[Items listed in a dataset]
========================

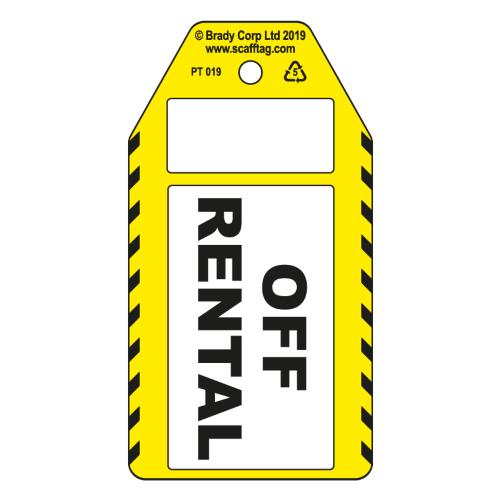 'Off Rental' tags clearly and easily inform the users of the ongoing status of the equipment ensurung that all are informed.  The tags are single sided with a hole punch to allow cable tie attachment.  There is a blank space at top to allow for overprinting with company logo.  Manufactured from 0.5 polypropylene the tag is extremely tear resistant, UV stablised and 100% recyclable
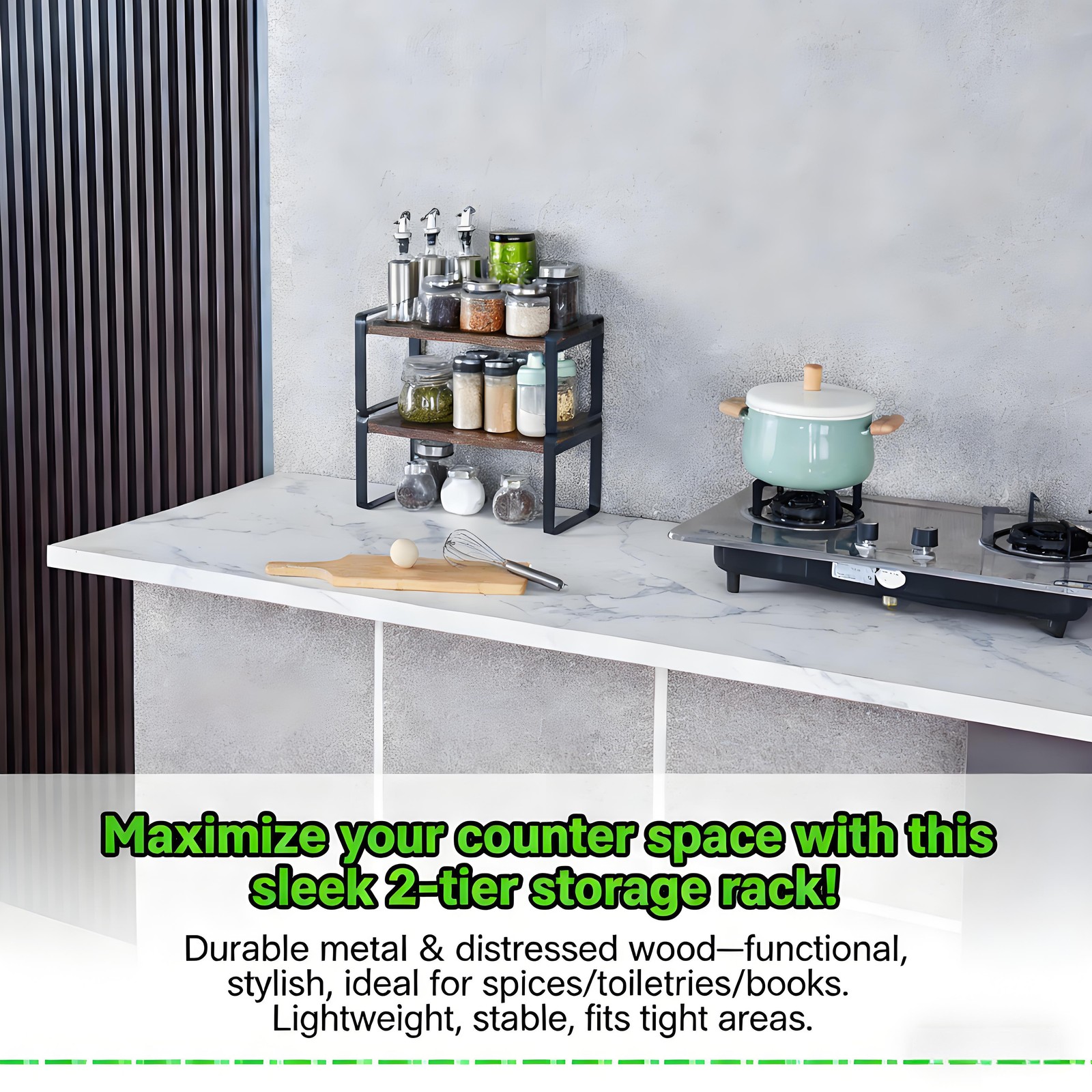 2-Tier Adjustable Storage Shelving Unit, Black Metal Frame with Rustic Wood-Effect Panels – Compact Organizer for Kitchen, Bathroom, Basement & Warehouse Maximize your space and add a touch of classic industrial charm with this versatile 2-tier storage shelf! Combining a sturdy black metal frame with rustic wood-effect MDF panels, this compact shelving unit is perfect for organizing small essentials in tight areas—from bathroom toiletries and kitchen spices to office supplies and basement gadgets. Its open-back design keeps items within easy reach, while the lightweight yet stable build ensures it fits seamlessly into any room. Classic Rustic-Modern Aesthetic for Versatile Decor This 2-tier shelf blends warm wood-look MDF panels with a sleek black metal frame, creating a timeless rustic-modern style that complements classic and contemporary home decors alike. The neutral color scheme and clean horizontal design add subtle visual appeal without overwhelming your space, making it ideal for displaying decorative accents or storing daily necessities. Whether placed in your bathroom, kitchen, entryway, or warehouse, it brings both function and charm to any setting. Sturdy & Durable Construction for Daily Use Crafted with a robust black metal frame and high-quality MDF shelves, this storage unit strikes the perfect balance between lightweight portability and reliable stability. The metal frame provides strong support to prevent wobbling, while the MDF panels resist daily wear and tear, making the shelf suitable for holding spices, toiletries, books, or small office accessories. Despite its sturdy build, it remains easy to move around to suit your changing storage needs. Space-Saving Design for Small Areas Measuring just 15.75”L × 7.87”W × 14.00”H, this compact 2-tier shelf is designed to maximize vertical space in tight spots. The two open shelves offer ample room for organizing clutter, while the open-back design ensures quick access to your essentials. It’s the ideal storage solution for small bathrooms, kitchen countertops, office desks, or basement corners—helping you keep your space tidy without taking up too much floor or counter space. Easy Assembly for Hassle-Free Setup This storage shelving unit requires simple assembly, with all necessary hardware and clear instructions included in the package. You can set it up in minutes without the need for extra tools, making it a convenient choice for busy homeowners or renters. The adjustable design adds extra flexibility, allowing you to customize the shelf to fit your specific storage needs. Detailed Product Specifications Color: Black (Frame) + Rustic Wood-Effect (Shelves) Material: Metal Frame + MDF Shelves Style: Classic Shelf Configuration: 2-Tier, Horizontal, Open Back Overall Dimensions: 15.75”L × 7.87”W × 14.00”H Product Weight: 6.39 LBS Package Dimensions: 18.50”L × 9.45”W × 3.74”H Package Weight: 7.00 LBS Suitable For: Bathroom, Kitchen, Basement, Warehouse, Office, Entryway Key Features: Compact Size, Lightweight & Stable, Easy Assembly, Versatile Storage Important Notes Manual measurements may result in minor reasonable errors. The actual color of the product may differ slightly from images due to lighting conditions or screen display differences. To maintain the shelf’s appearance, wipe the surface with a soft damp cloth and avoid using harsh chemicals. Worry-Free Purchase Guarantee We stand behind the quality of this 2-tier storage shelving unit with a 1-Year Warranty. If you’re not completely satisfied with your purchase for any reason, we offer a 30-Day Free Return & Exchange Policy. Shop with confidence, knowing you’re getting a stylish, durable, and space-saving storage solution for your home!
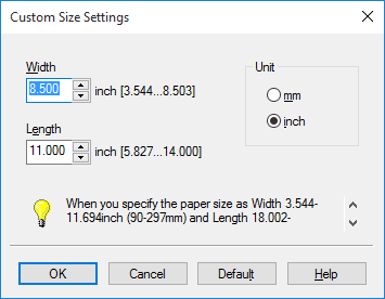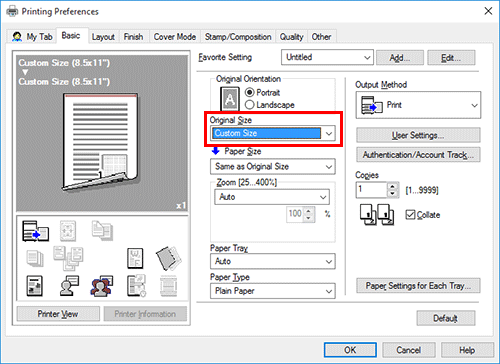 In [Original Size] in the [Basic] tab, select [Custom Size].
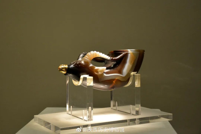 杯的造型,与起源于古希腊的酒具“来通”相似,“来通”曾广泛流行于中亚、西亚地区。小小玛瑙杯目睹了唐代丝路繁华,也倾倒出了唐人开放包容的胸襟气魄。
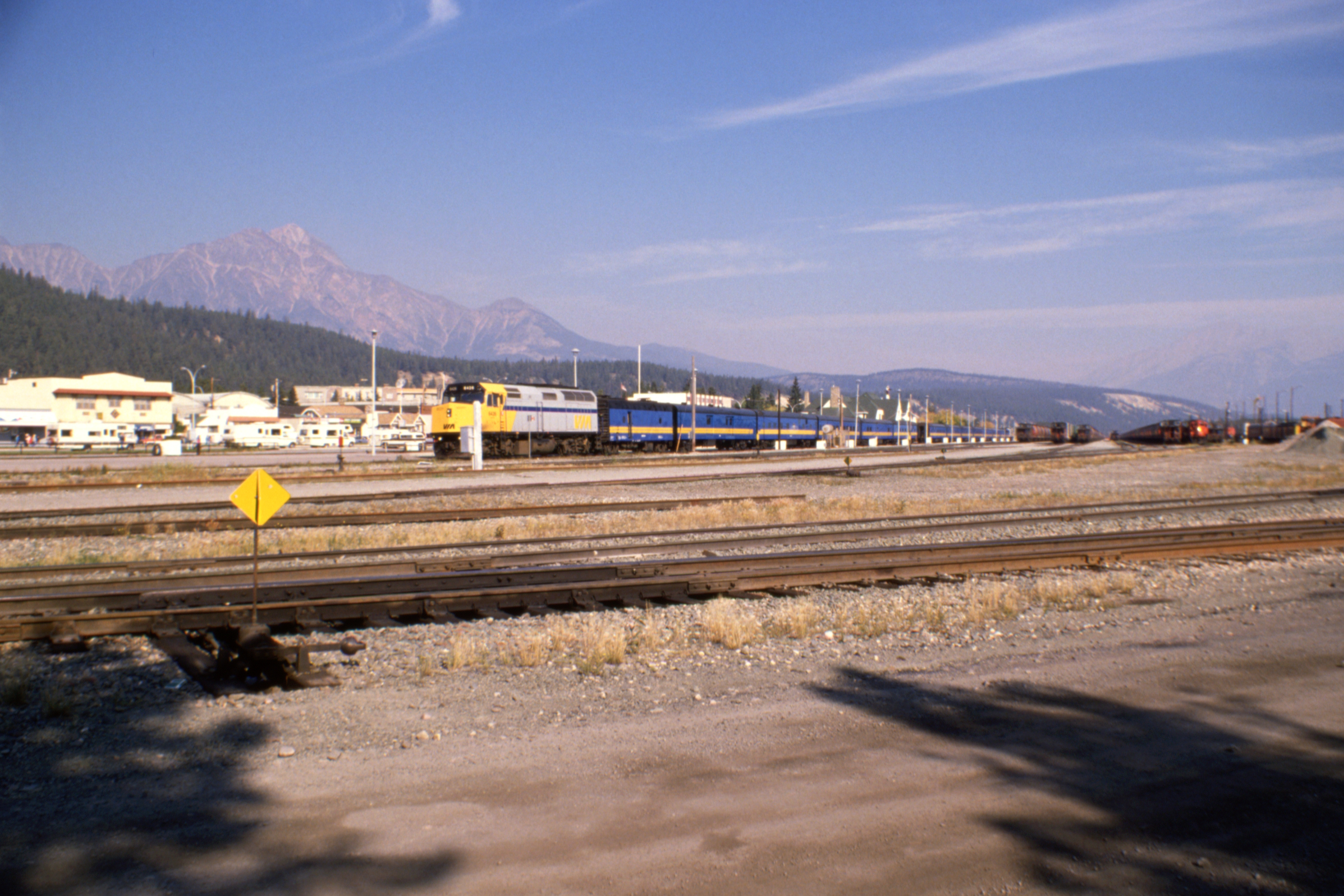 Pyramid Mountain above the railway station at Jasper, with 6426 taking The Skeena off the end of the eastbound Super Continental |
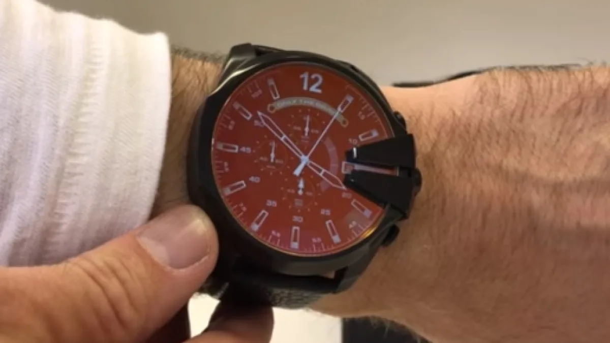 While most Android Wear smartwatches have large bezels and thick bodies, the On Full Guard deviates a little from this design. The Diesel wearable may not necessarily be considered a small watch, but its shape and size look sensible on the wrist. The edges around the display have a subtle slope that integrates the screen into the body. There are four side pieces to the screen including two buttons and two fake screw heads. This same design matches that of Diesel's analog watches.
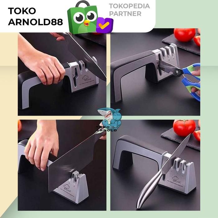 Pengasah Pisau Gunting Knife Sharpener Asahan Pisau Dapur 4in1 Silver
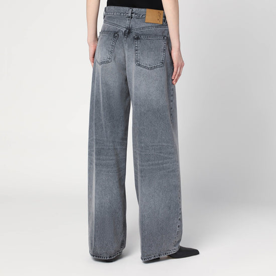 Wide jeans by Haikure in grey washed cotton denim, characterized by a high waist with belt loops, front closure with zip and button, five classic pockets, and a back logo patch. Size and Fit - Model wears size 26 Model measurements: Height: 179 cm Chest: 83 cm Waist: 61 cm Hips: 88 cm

========================

_EXERCISE AIM_.
Retype each entry exactly as it appears, excluding any image.

_RESULT_.
 'Off Rental' tags clearly and easily inform the users of the ongoing status of the equipment ensurung that all are informed.  The tags are single sided with a hole punch to allow cable tie attachment.  There is a blank space at top to allow for overprinting with company logo.  Manufactured from 0.5 polypropylene the tag is extremely tear resistant, UV stablised and 100% recyclable
 2-Tier Adjustable Storage Shelving Unit, Black Metal Frame with Rustic Wood-Effect Panels – Compact Organizer for Kitchen, Bathroom, Basement & Warehouse Maximize your space and add a touch of classic industrial charm with this versatile 2-tier storage shelf! Combining a sturdy black metal frame with rustic wood-effect MDF panels, this compact shelving unit is perfect for organizing small essentials in tight areas—from bathroom toiletries and kitchen spices to office supplies and basement gadgets. Its open-back design keeps items within easy reach, while the lightweight yet stable build ensures it fits seamlessly into any room. Classic Rustic-Modern Aesthetic for Versatile Decor This 2-tier shelf blends warm wood-look MDF panels with a sleek black metal frame, creating a timeless rustic-modern style that complements classic and contemporary home decors alike. The neutral color scheme and clean horizontal design add subtle visual appeal without overwhelming your space, making it ideal for displaying decorative accents or storing daily necessities. Whether placed in your bathroom, kitchen, entryway, or warehouse, it brings both function and charm to any setting. Sturdy & Durable Construction for Daily Use Crafted with a robust black metal frame and high-quality MDF shelves, this storage unit strikes the perfect balance between lightweight portability and reliable stability. The metal frame provides strong support to prevent wobbling, while the MDF panels resist daily wear and tear, making the shelf suitable for holding spices, toiletries, books, or small office accessories. Despite its sturdy build, it remains easy to move around to suit your changing storage needs. Space-Saving Design for Small Areas Measuring just 15.75”L × 7.87”W × 14.00”H, this compact 2-tier shelf is designed to maximize vertical space in tight spots. The two open shelves offer ample room for organizing clutter, while the open-back design ensures quick access to your essentials. It’s the ideal storage solution for small bathrooms, kitchen countertops, office desks, or basement corners—helping you keep your space tidy without taking up too much floor or counter space. Easy Assembly for Hassle-Free Setup This storage shelving unit requires simple assembly, with all necessary hardware and clear instructions included in the package. You can set it up in minutes without the need for extra tools, making it a convenient choice for busy homeowners or renters. The adjustable design adds extra flexibility, allowing you to customize the shelf to fit your specific storage needs. Detailed Product Specifications Color: Black (Frame) + Rustic Wood-Effect (Shelves) Material: Metal Frame + MDF Shelves Style: Classic Shelf Configuration: 2-Tier, Horizontal, Open Back Overall Dimensions: 15.75”L × 7.87”W × 14.00”H Product Weight: 6.39 LBS Package Dimensions: 18.50”L × 9.45”W × 3.74”H Package Weight: 7.00 LBS Suitable For: Bathroom, Kitchen, Basement, Warehouse, Office, Entryway Key Features: Compact Size, Lightweight & Stable, Easy Assembly, Versatile Storage Important Notes Manual measurements may result in minor reasonable errors. The actual color of the product may differ slightly from images due to lighting conditions or screen display differences. To maintain the shelf’s appearance, wipe the surface with a soft damp cloth and avoid using harsh chemicals. Worry-Free Purchase Guarantee We stand behind the quality of this 2-tier storage shelving unit with a 1-Year Warranty. If you’re not completely satisfied with your purchase for any reason, we offer a 30-Day Free Return & Exchange Policy. Shop with confidence, knowing you’re getting a stylish, durable, and space-saving storage solution for your home!
 In [Original Size] in the [Basic] tab, select [Custom Size].
 杯的造型,与起源于古希腊的酒具“来通”相似,“来通”曾广泛流行于中亚、西亚地区。小小玛瑙杯目睹了唐代丝路繁华,也倾倒出了唐人开放包容的胸襟气魄。
 Pyramid Mountain above the railway station at Jasper, with 6426 taking The Skeena off the end of the eastbound Super Continental |
 While most Android Wear smartwatches have large bezels and thick bodies, the On Full Guard deviates a little from this design. The Diesel wearable may not necessarily be considered a small watch, but its shape and size look sensible on the wrist. The edges around the display have a subtle slope that integrates the screen into the body. There are four side pieces to the screen including two buttons and two fake screw heads. This same design matches that of Diesel's analog watches.
 Pengasah Pisau Gunting Knife Sharpener Asahan Pisau Dapur 4in1 Silver
 Wide jeans by Haikure in grey washed cotton denim, characterized by a high waist with belt loops, front closure with zip and button, five classic pockets, and a back logo patch. Size and Fit - Model wears size 26 Model measurements: Height: 179 cm Chest: 83 cm Waist: 61 cm Hips: 88 cm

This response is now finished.